WHAT IS BEING ASKED |
Leave out the pictures and retype, exactly, the lines below from the line with "Letter 27 June" up to and including the line with "肾病综合征的日常养护方法主要", nothing more.

MATERIAL SHOWN |
====
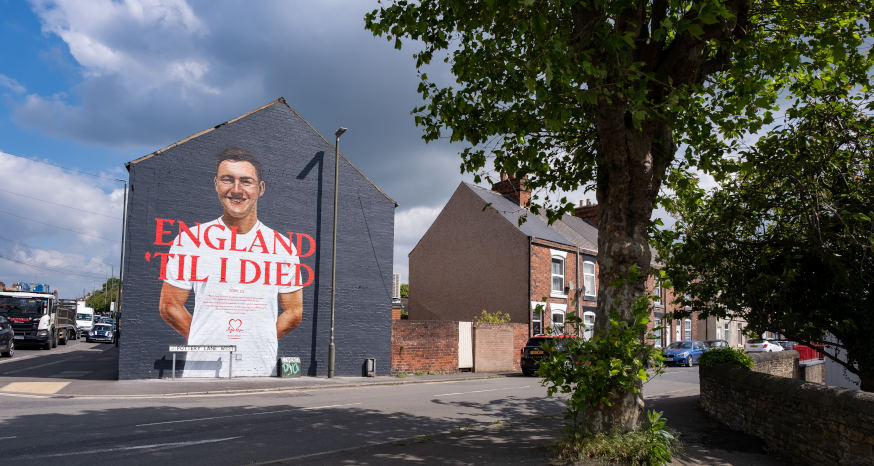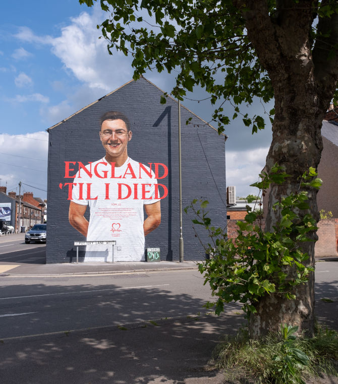 Located at Whittington Moor, Chesterfield, the mural features the emotive message ‘Til I Died’. At a time when people are looking forward to watching the month-long football festival with their family and friends, for families like Tom’s, it is yet another poignant reminder of loved ones who are no longer with us.
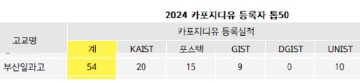 * 부산일과고 2024 국내 4년제 대학 진학자 97명 가운데 5개 이공계특성화대학 등록자는 54명으로 55% 이상의 진학률을 보입니다. 부산일과고 2023 서울대 진학자가 8명인 점을 감안하면 6개 대학 이외 대학 진학자는 30% 이상일 것으로 추정 가능합니다. 여타 대학 진학자가 의약계열 진학이 아니기를 바랍니다.
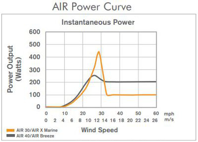 The software of the New Air Breeze has been optimized for a more consistent energy output throughout the wind range but particularly for lower wind speeds and the start up speed has been reduced. In many areas, wind speed varies throughout the day and drops at night reducing the average daily or monthly wind considerably. High wind speeds are rare and short-lived and when anchored we try our best to find a sheltered spot. The New Air Breeze has been optimized for a lower start up speed and higher performance at lower wind speeds and can outperform even 400w units. For areas with lower wind speeds we recommend the Air Breeze as a cost effective, lightweight unit with simple installation.
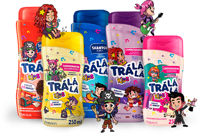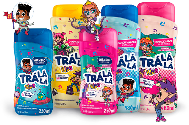 - A Linha 2 em 1 Meninas contém agentes que lavam e condicionam deixando aquele cheirinho gostoso como todos os outros produtos da marca TRÁ LÁ LÁ.
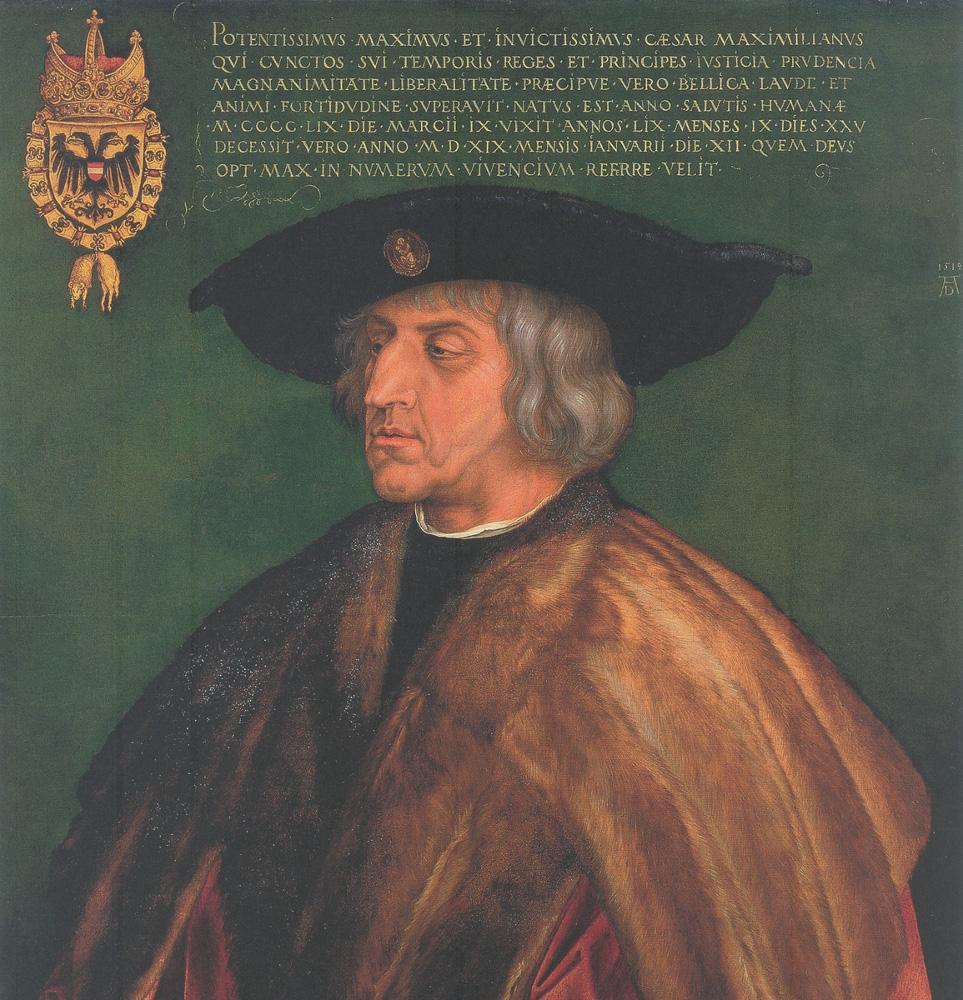 Bildnis Kaiser Maximilians I. von Albrecht Dürer. Quelle: FÜSSEL, S.: Der Theuerdank von 1517. Kaiser Maximilian und die Medien seiner Zeit. Eine kulturhistorische Einführung. Köln u.a. 2003, S. 9. ![]() Zugeordnet bei:
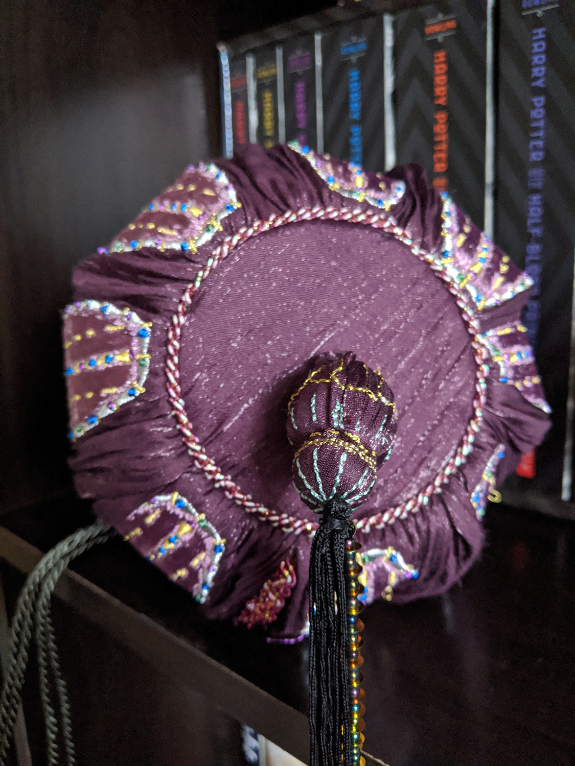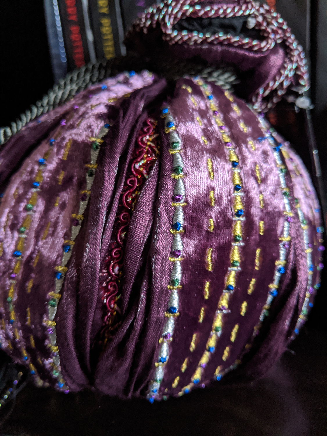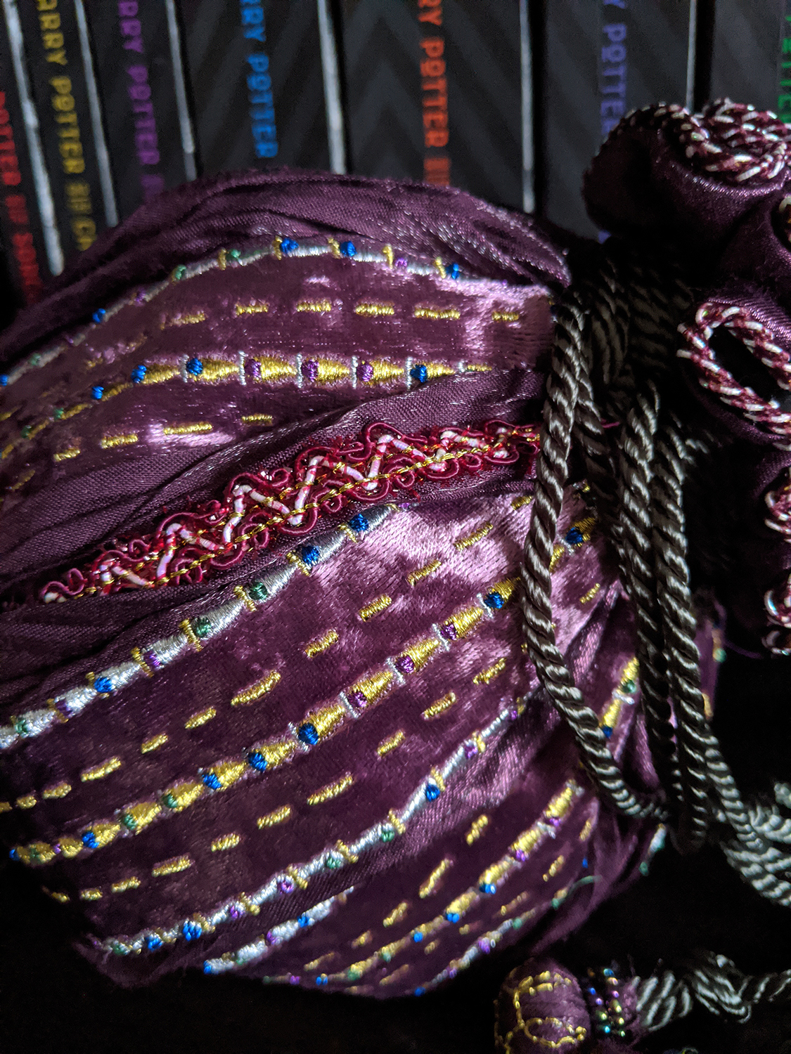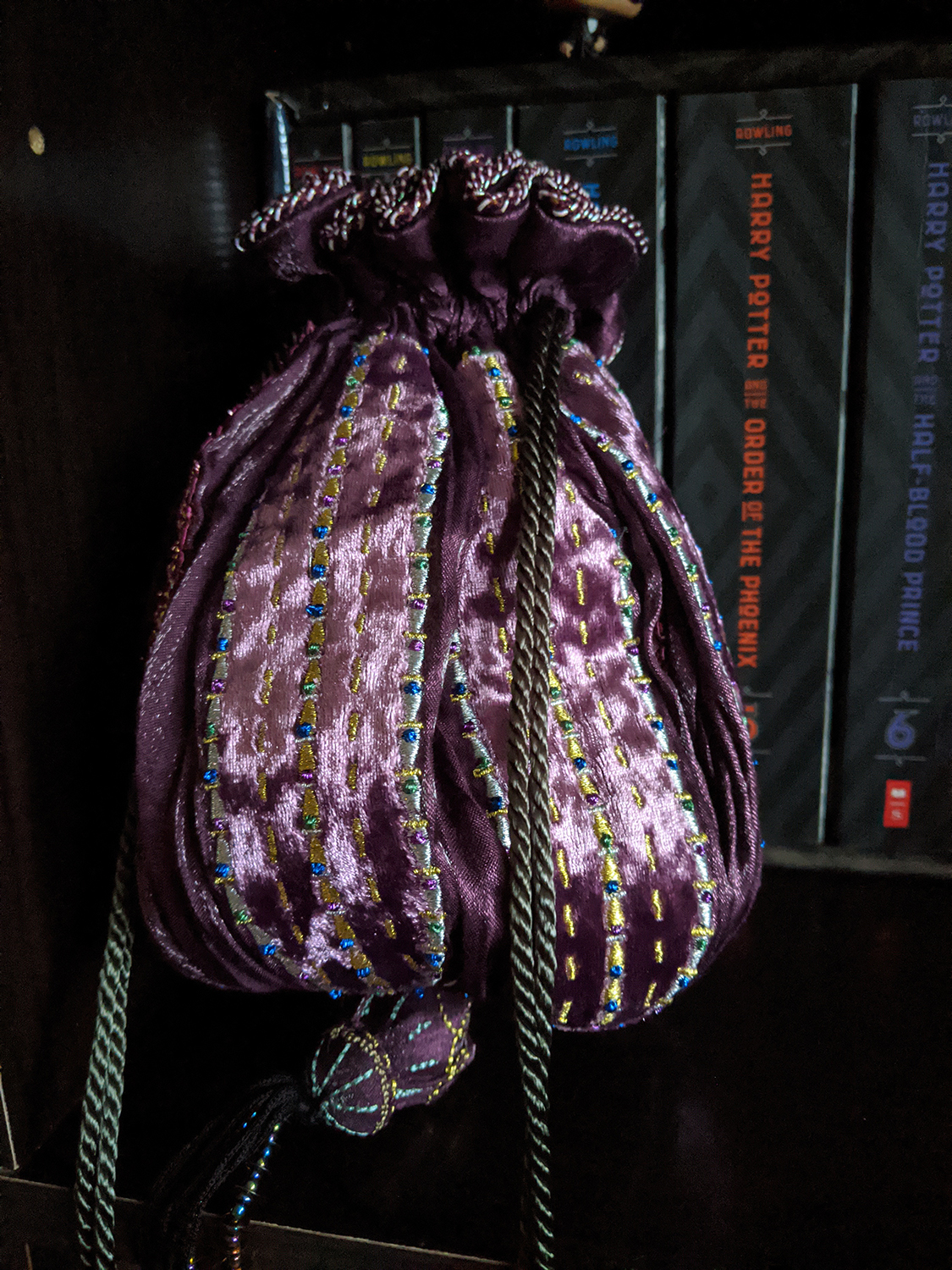 The main body is made up of alternating velvet and satin panels, embellished by metallic embroidery and strips of iridescent trimming ribbon. The drawstrings are actually much longer than I had anticipated – over two feet extended when the bag is cinched closed – and rather heavy, made of a silky, silvery rope and ending with beaded baubles. These nicely match the beaded tassel on the bottom of the bag, which is beautifully made and a lovely decorative touch, but it does prevent the bag from being able to sit upright on its base.
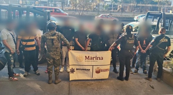 Elementos de la Policía Municipal de Ecatepec, en coordinación con la Secretaría de Marina, detuvieron a 10 personas señaladas por hacerse pasar por agentes de la por agentes de investigación para extorsionar a una pareja. Tres de los implicados portaban armas de fuego, chalecos antibalas con insignias oficiales.
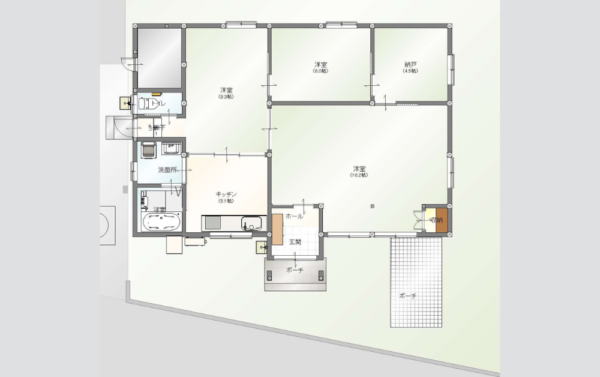 玄関ドアには三協アルミの「彩樹44型 黒茶」を採用し、和の趣を感じさせる美しい引き戸が印象的な玄関ポーチに仕上げました。また、お客様のご要望にお応えし、リビングから直接出られるタイルポーチを設置。星空を眺めながらくつろげるよう、天体観測を楽しむための特別な空間として工夫を凝らしました。
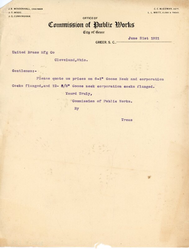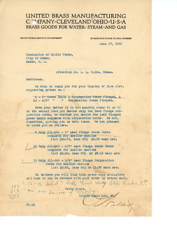 Letter 27 June 1921 United Brass Manufacturing Co. to Commission of Public Works Attention L. L. White
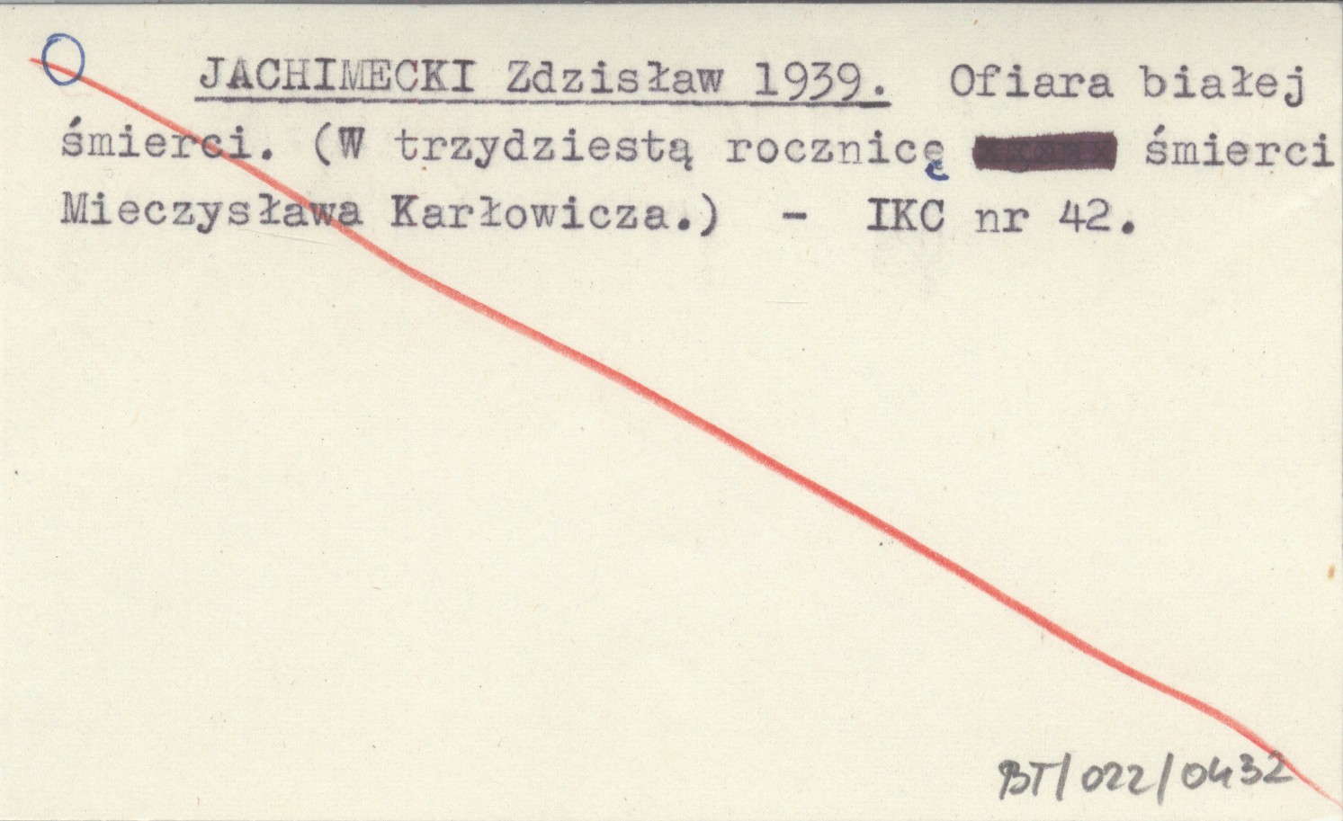 JACHIMECKI Zdzisław 1939 Ofiara białej śmierci. (W trzydziestą rocznicę śmierci Mieczysława Karłowicza).
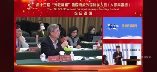 本次大赛采用线下授课和说课相结合的形式。授课通过抽选题目,在限定十三天内,教师需要设计出完整的说课及教学内容。任晓妍老师用国际前沿的教学理念对授课单元进行深入解读,不断完善、优化,最终确立教学设计和方案。在比赛中,任晓妍老师由浅入深的课堂设计,扎实的语言基本功、标准的语音语调及高度参与感的课堂氛围,得到了评委的一致好评。
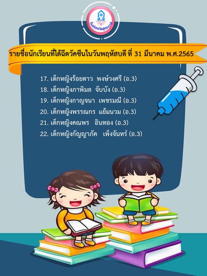 รายชื่อนักเรียนที่ได้รับการฉีดวัคซีนสำหรับนักเรียนชั้นอนุบาลปีที่ 2, 3
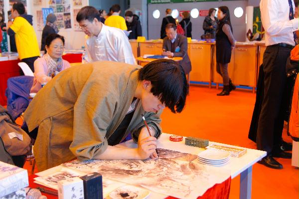 拉罗谢尔孔子学院的志愿者教师陈仕骋则在正对展会入口的醒目位置铺上宣纸、摆上砚台、提笔挥毫,向参观者们现场展示具有浓厚中国韵味的水墨山水画的创作过程,引得来往的观众长时间驻足观赏。
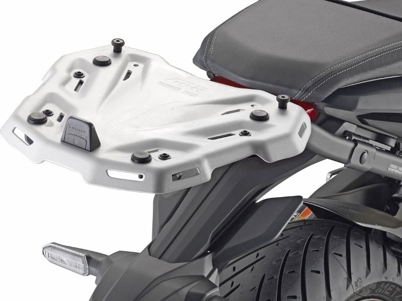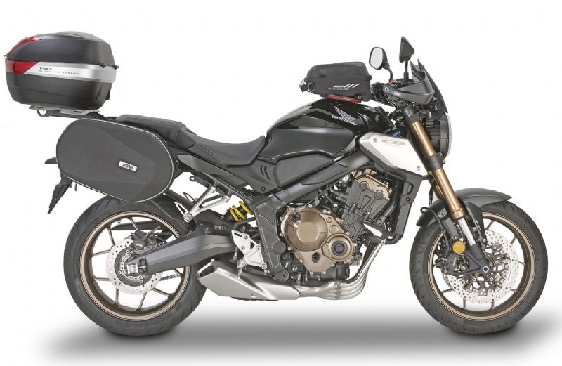 Soporte maleta Givi 1173FZ Honda CB 650 R 2019. Nuevo soporte de maleta adaptador posterior Givi 1173FZ diseñado específicamente para la CB 650 R 2019 y que permite la fijación de las maletas Givi con sistema Monokey o Monolock. El soporte Givi 1173FZ está diseñado con avanzada tecnología para ofrecer la máxima solidez. A combinar con la parrilla Monokey M5, M8A y M8B, el portabolsa de aluminio EX2M o las parrillas Monolock M5M y M6M. Las parrillas Monokey M8A, M8B no permiten la instalación de un kit de luz stop sobre la maleta y/o dispositivo de mando a distancia para la apertura de la maleta. No incluye la parrilla Givi M9A (como se muestra en las imágenes).
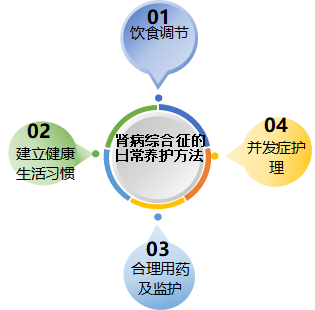 肾病综合征的日常养护方法主要包括:饮食调节、建立健康生活习惯、合理用药及监护、并发症护理4个部分,如下图所示:
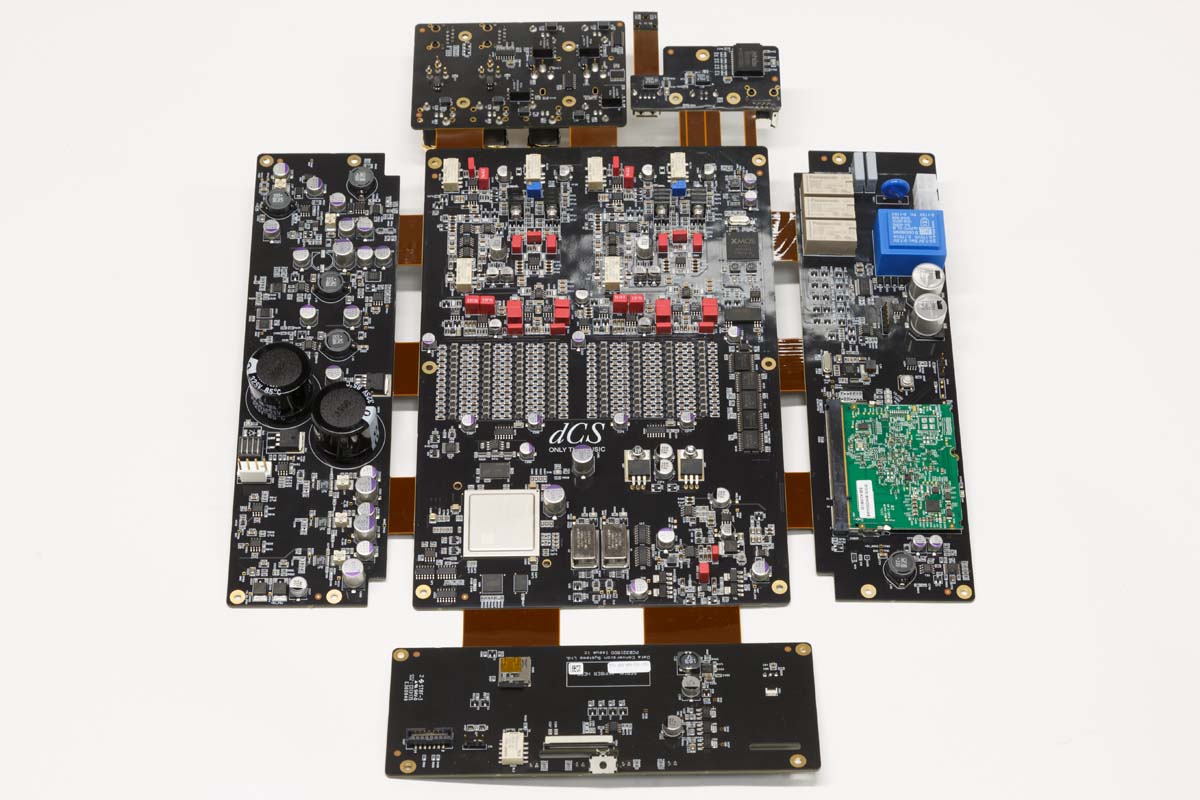 Herzstück des Systems ist wie bei dCS üblich der einzigartige Ring-DAC, der oberflächlich einem Ladder-DAC ähnelt, aber bei der Wandlung einen ziemlich genialen Sonderweg geht. Das Problem mit Ladder-DACs ist bekanntermaßen die Bauteilkonstanz – da jedes der Bits doppelt so laut ist wie das vorhergehende, müssen sich die Kennwerte der Bauteile im Grunde innerhalb unrealistisch enger Toleranzen bewegen: Weicht beispielsweise der Widerstandswert am Most Signifikant Bit um nur ein Prozent vom Soll ab, hat allein die Pegelabweichung einen höheren Betrag als das gesamte siebte Bit. Hierfür haben sich die Tüftler hinter dCS eine ziemlich ausgefuchste Lösung einfallen lassen. Zunächst haben sie als Wurzel des Problems die Tatsache identifiziert, dass jedes Bit seine eigene Stromquelle besitzt und dementsprechend jedes Mal, wenn es aktiviert wird, den gleichen Fehler ins Signal speist und so hörbare lineare Verzerrungen verursacht.
====
ANSWER AREA |
 Letter 27 June 1921 United Brass Manufacturing Co. to Commission of Public Works Attention L. L. White
 JACHIMECKI Zdzisław 1939 Ofiara białej śmierci. (W trzydziestą rocznicę śmierci Mieczysława Karłowicza).
 本次大赛采用线下授课和说课相结合的形式。授课通过抽选题目,在限定十三天内,教师需要设计出完整的说课及教学内容。任晓妍老师用国际前沿的教学理念对授课单元进行深入解读,不断完善、优化,最终确立教学设计和方案。在比赛中,任晓妍老师由浅入深的课堂设计,扎实的语言基本功、标准的语音语调及高度参与感的课堂氛围,得到了评委的一致好评。
 รายชื่อนักเรียนที่ได้รับการฉีดวัคซีนสำหรับนักเรียนชั้นอนุบาลปีที่ 2, 3
 拉罗谢尔孔子学院的志愿者教师陈仕骋则在正对展会入口的醒目位置铺上宣纸、摆上砚台、提笔挥毫,向参观者们现场展示具有浓厚中国韵味的水墨山水画的创作过程,引得来往的观众长时间驻足观赏。
 Soporte maleta Givi 1173FZ Honda CB 650 R 2019. Nuevo soporte de maleta adaptador posterior Givi 1173FZ diseñado específicamente para la CB 650 R 2019 y que permite la fijación de las maletas Givi con sistema Monokey o Monolock. El soporte Givi 1173FZ está diseñado con avanzada tecnología para ofrecer la máxima solidez. A combinar con la parrilla Monokey M5, M8A y M8B, el portabolsa de aluminio EX2M o las parrillas Monolock M5M y M6M. Las parrillas Monokey M8A, M8B no permiten la instalación de un kit de luz stop sobre la maleta y/o dispositivo de mando a distancia para la apertura de la maleta. No incluye la parrilla Givi M9A (como se muestra en las imágenes).
 肾病综合征的日常养护方法主要包括:饮食调节、建立健康生活习惯、合理用药及监护、并发症护理4个部分,如下图所示:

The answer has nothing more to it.